Kyle Kendrick didn’t quite give the Phillies the best chance to win Monday night. They couldn’t do it, falling short of the Dodgers, 8-6.

Kendrick only went 3.1 innings. He allowed seven runs off nine hits, most of them right down the pipe. Many argued about a very small strike zone for Kendrick (and a much larger for Derek Lowe), making it impossible for Kendrick to throw his strikes. But he just didn’t have it. You had two sinkerball pitchers up there, and one was effective.

The Phils manufactured three runs off Lowe. Two were RBI groundouts by Ryan Howard. To me, that’s not really good. You need big production from Howard, especially when down a few. Anyway, Howard is now at 100 RBI on the season — in jest, I don’t know if I can really recall 60 of them.
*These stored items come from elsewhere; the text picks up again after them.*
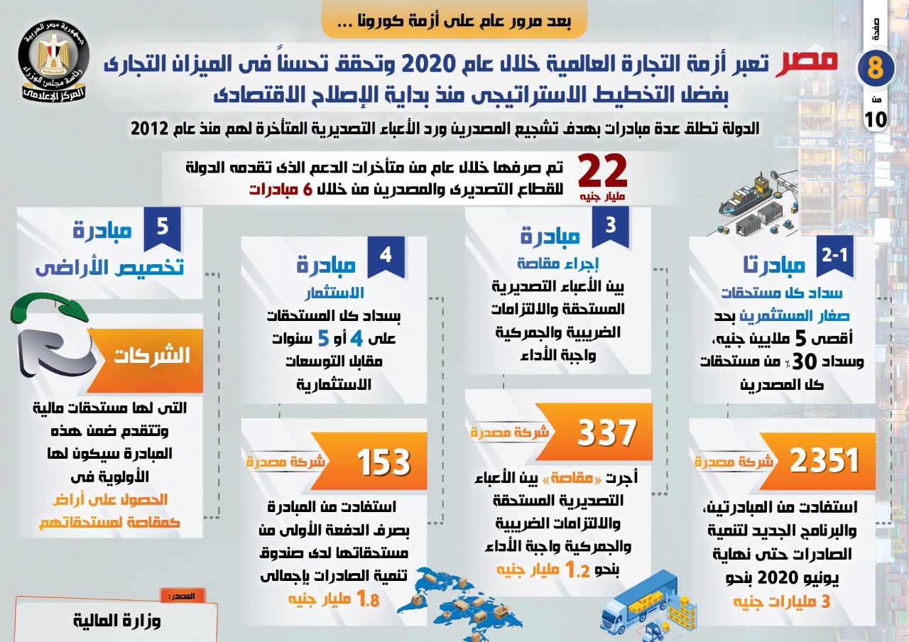 وذكر التقرير أن هناك 1580 شركة مصدرة انضمت إلى المرحلة الأولى من المبادرة السابق ذكرها وتم الصرف لعدد 1069 شركة كل المبالغ المتأخرة لدى صندوق تنمية الصادرات بقيمة 12.2 مليار جنيه خلال شهري نوفمبر وديسمبر 2020.
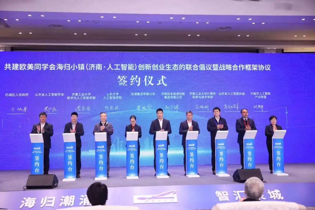 揭牌仪式现场,山东大学人工智能学院、齐鲁工业大学(山东省科学院)计算机科学与技术学部和数学与人工智能学部、浪潮集团有限公司、山东省人工智能协会、山东省人工智能学会、济南财金投资控股集团、济南市人工智能产业联盟、历城区人民政府共同签署助力欧美同学会海归小镇(济南·人工智能)建设战略合作协议。
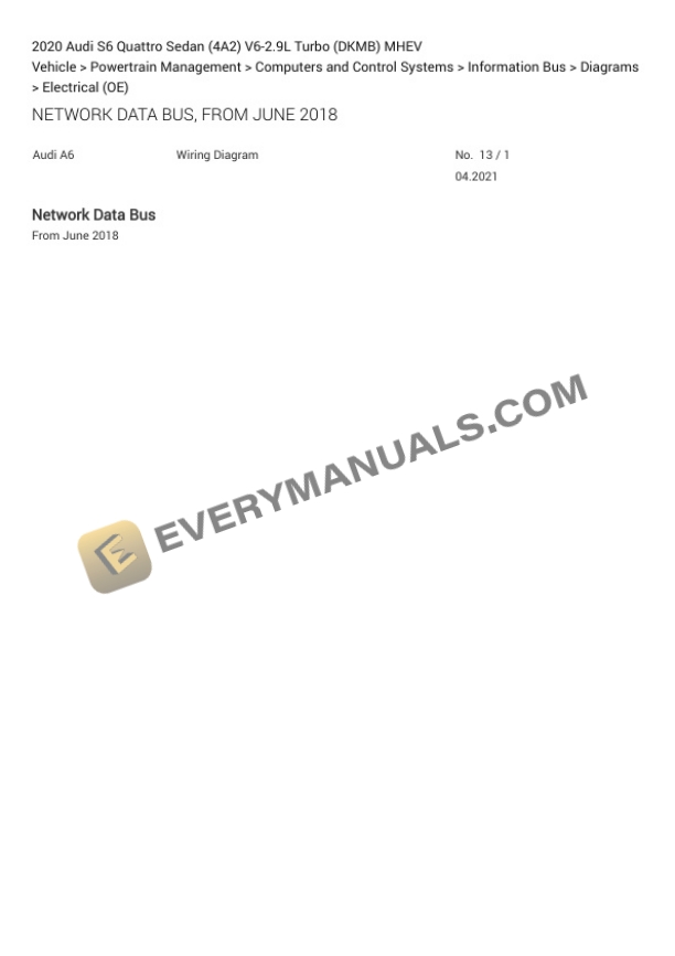 Audi S6 Quattro Sedan (4A2) 2020 Electrical Diagrams V6-2.9L Turbo (DKMB) MHEV
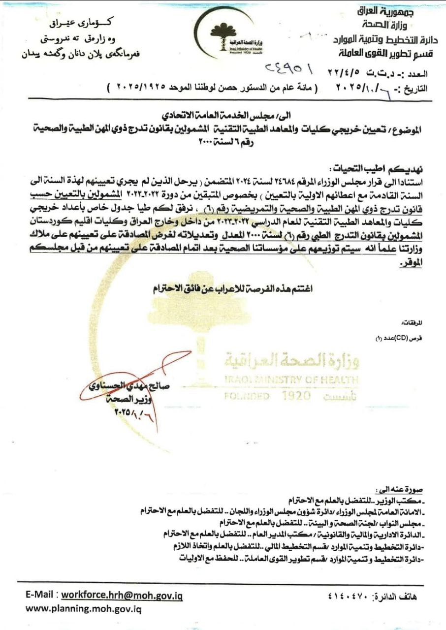 ارسلت وزارة الصحة، جداول تعيينات خريجي ذوي المهن الصحية إلى وزارتي المالية ومجلس الخدمة العامة، للعام الدراسي 2022-2023. وقال بيان بيان تلقته (الزمان) أمس إن (الخطوة تأتي استناداً إلى قرار مجلس الوزراء الذي يقضي بترحيل غير المعينين خلال هذا العام إلى العام المقبل مع منحهم الأولوية في التعيين)، مشيراً إلى إن (الجداول تتضمن أعداد خريجي كليات المجموعة الطبية داخل وخارج العراق، إضافة إلى خريجي كليات التمريض والمعاهد الطبية التقنية للعام الدراسي ذاته، تمهيداً لإدراجهم ضمن العناوين الوظيفية وتخصيص المبالغ المالية اللازمة لتعيينهم). وكانت الوزارة قد أعلنت بدء حملة تلقيح المواطنين بلقاح الإنفلونزا الموسمية في جميع مراكز الرعاية الصحية الأولية وعدد من المستشفيات في بغداد والمحافظات. واكد بيان تلقته (الزمان) أمس أن (دوائر الصحة في جميع المحافظات باشرت فعليًا تنفيذ البرنامج الوقائي الخاص بتلقي اللقاح عبر المراكز الصحية والمستشفيات الحكومية)، وأضاف إن (اللقاح متوفر مجانًا لجميع المواطنين، لا سيما الفئات الأكثر عرضة للإصابة)، وأوضح الوزارة إن (الحملة تأتي ضمن جهودها الوقائية المستمرة لحماية المواطنين من الأمراض التنفسية والحد من معدلات الإصابة والمضاعفات الناتجة عن فيروس الإنفلونزا)، وشدد على (أهمية أخذ اللقاح لتقليل احتمالية الإصابة وشدة الأعراض والمضاعفات)، مؤكدة إن (اللقاح آمن ومعتمد من منظمة الصحة العالمية)، داعياً إلى (التوجه إلى أقرب مركز صحي لتلقي اللقاح، مع الالتزام بالإجراءات الوقائية مثل غسل اليدين بانتظام وتجنب التجمعات والمحافظة على التغذية الصحية).
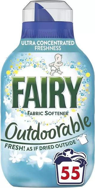 Ультраконцентрована формула свіжості Fairy Outdoorable забезпечує 55 прань у невеликій пляшечці. Fairy Outdoorable був розроблений разом зі споживачами, щоб відтворити свіжість на відкритому повітрі, і він продовжує випромінювати свіжість, коли тканини щойно висушені, зберігаються в шафі та навіть коли ви переїжджаєте.
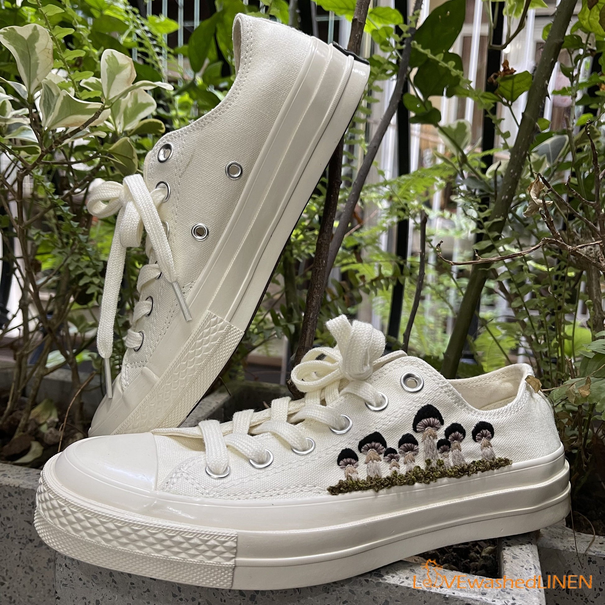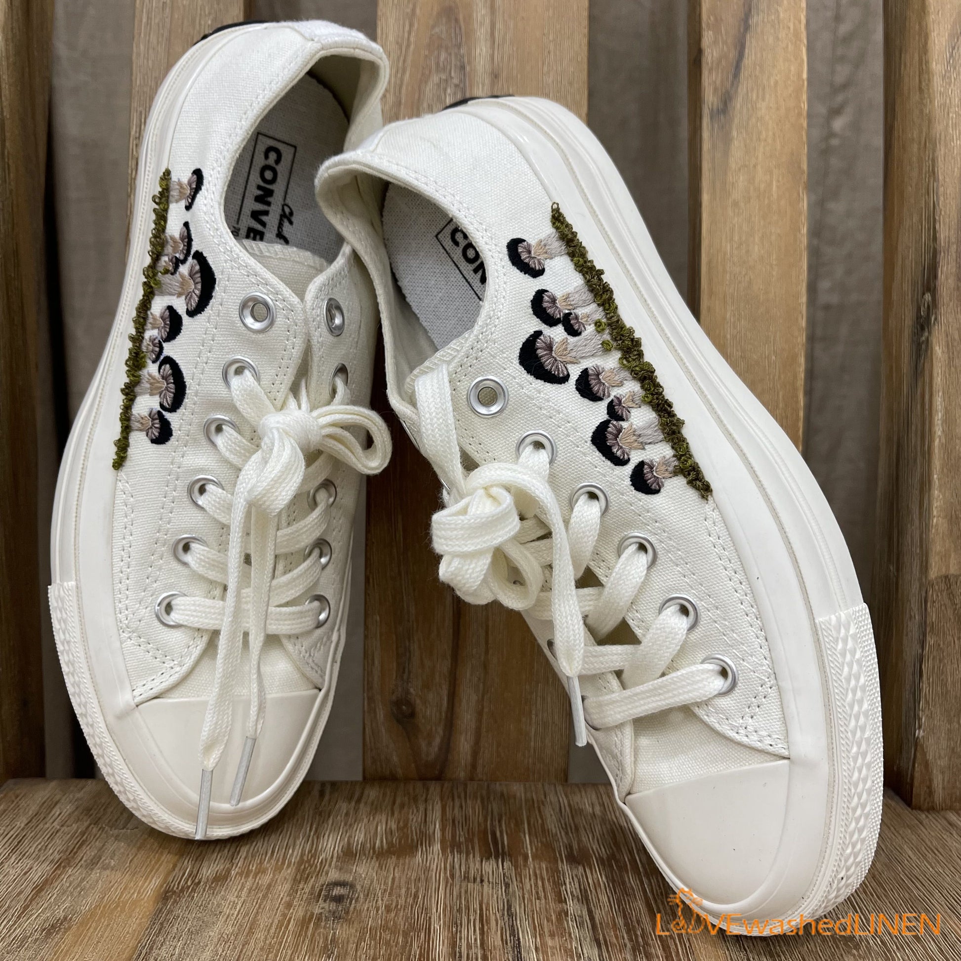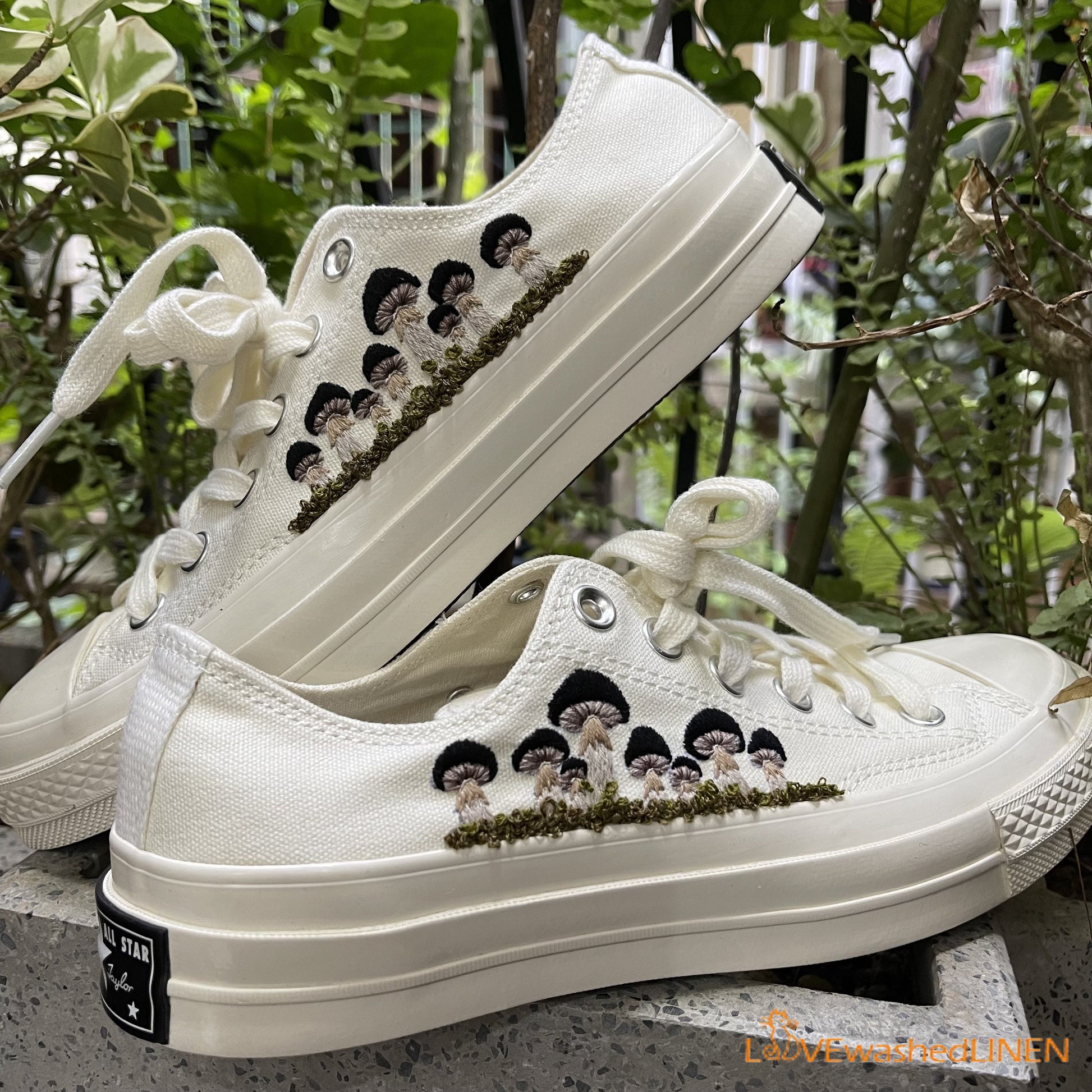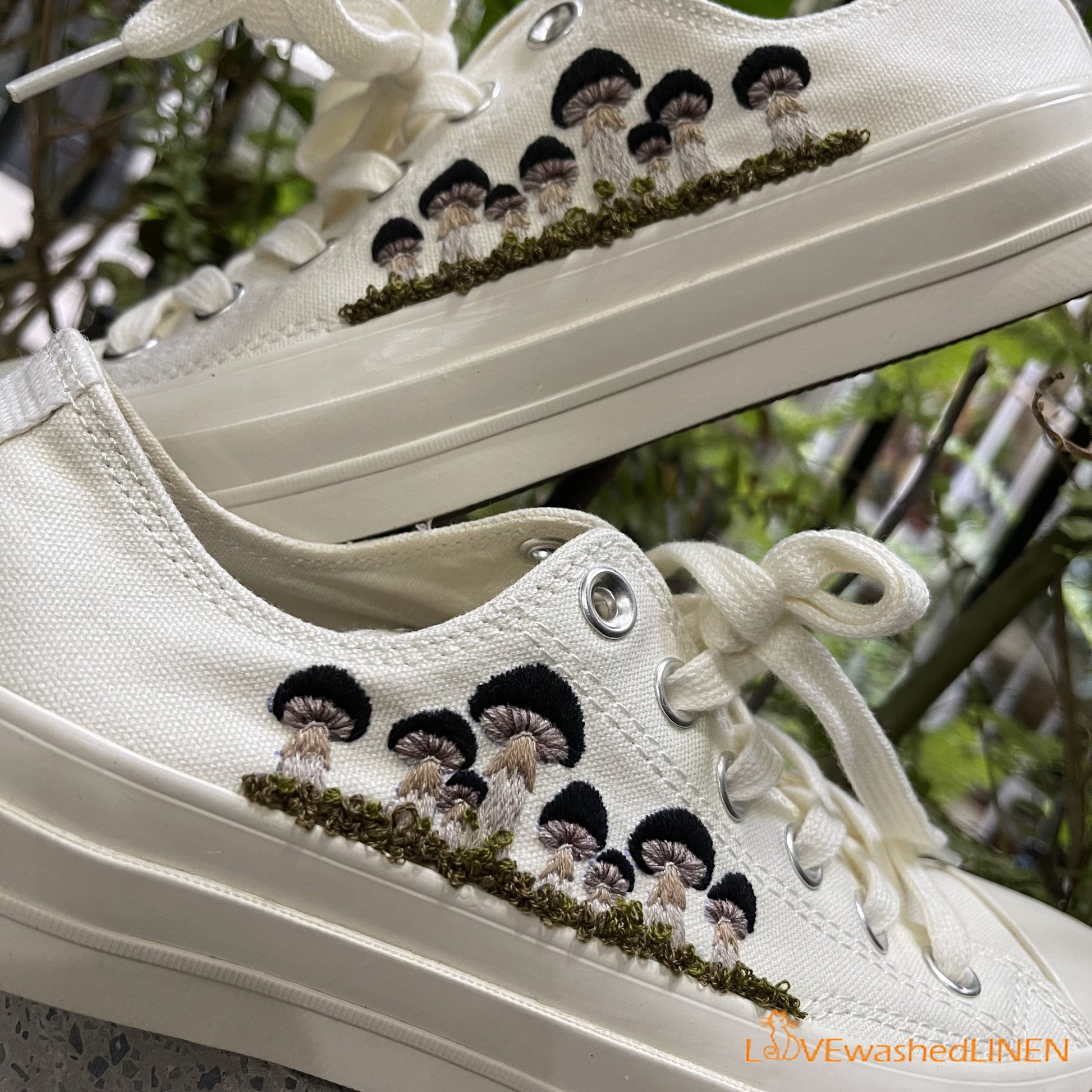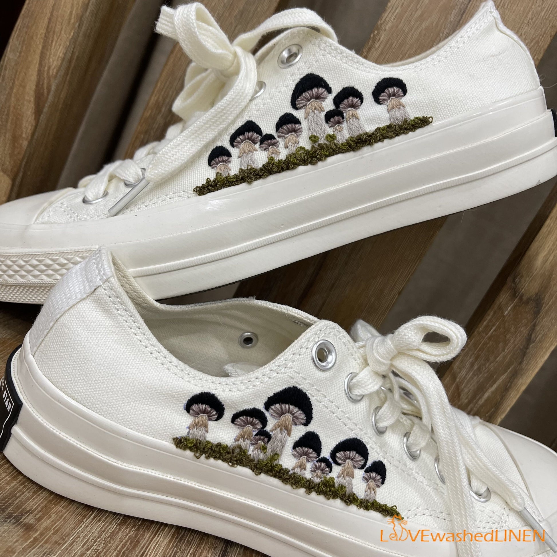 💚 Cute Mushrooms with embroidery color scheme of black and white bring an elegant looking to your Converse 💚

They made it interesting late, with Geoff Jenkins singling and Jimmy Rollins stroking an RBI triple in the seventh. In the ninth, with big Jonathan Broxton trying to shut the Phils down, the good guys loaded the bases for Chase Utley. He delivered with a two-rbi black-hole single. Howard was next, and had a chance to at least tie the game, but grounded out to second base. See, there the RBI groundout didn’t work.

The bullpen did a nice job keeping it close, with Les Walrond getting out of trouble and going 2.2 strong. Clay Condrey gave up a run in his two of work.

The loss keeps the Phils ahead by two over the Mets. Shame — they could’ve really stretched it out with the win. But when you don’t get good starting pitching, it makes it very hard to do much else.